Case Study dwpbank
The Client
The Deutsche Wertpapier Service Bank AG (dwpbank) renders services as transaction bank for its clients, the customer banks, in the field of handling bonds.
Among the clients of the dwpbank are almost all mutual savings banks, the majority of savings banks, but also Postbank and private banks such as Dresdner Bank. Thus, the dwpbank is both with regard to the number of managed bond accounts and the transaction volume by far the market leader in Germany among the bond transaction banks.
Besides the successful attraction of new customers the dwpbank gained the role of market leader also by numerous mergers and take-overs. The last action of this kind was the acquisition of the TxB Bank by which the dwpbank took over the business of handling bonds of the North German and Bavarian savings banks.
With about 2.000 employees the dwpbank uses its IT-systems to attend to numerous clients with several 100.000 users throughout Germany.

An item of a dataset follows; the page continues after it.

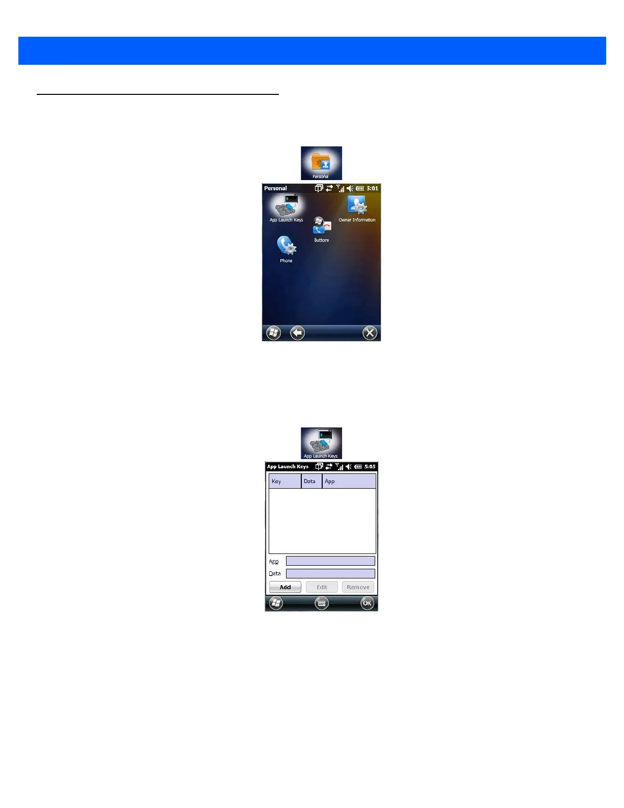 Workabout PRO4 - Personal Folder; App Launch Keys

Due to the facts mentioned above, the dwpbank has a permanently high need of consolidation concerning its information technology and its own organisation.
The Challenge
The permanent growth confronted the dwpbank with the task to simulatniously operate several handling systems with all containing identities. In addition the consistent administration of the digital identities of different users on the clients' side in their various roles became a real challenge.
Especially the authorization system RACF used on the host so far turned out to be tremendously time-consuming, accompanied by the latent possibility of errors creeping in the user administration.
Already in 2004, the search for options to achieve a significant increase in efficiency and security by the introduction of an Identity Management (IdM) based on software began.
The Solution
Resulting from the challenges described above, the dwpbank evaluted the Sun technology „Sun java Enterprise System" consisting of the components Directory Server, Identity Manager and Application Server on the basis of Sun Solaris.
On this platform the construction of a new centralized IdM-platform for the dwpbank began:
- installation of a LDAP-Meta-Directory on the IdM-Plattform
- authorisation information is forwarded directly to the RACF-system of the host via an adequately ready-made adapter from the IdM-System
- For the readout of DES3-algorythm encoded passwords, an individual solution had to be developed due to the lack of standard software on the market
- Thus, exchange and comparison of identity data into both directions was enabled.
This IdM-solution was integrated into a high availability platform on the basis of Sun servers and an Oracle data base. In addition, a Single-Sign-On solution was integrated, increasing usability.
The result
The solution described was introduced in phases between 2005 and 2006 and forms the basis of the dwpbank's entire identity management ever since.
Even now the IdM solution of Xionet/Sun supports more than 100.000 users at the clients' of the dwpbank.
Basically this involves users of WP2, the target system for the entire consolidation of the handling systems within the dwpbank. The consolidation is currently completed for the larger part of the savings banks' customers, Dresdner Bank, Postbank, and additional private banks.
The current task is the consolidation of cooperative bank clients and the remaining savings banks within the customer base of the TxB Bank.
The importance of the IdM solution of Xionet/Sun for the Identity Management of the dwpbank will continue to grow. The goal is to administer around 200.000 user accounts with this solution.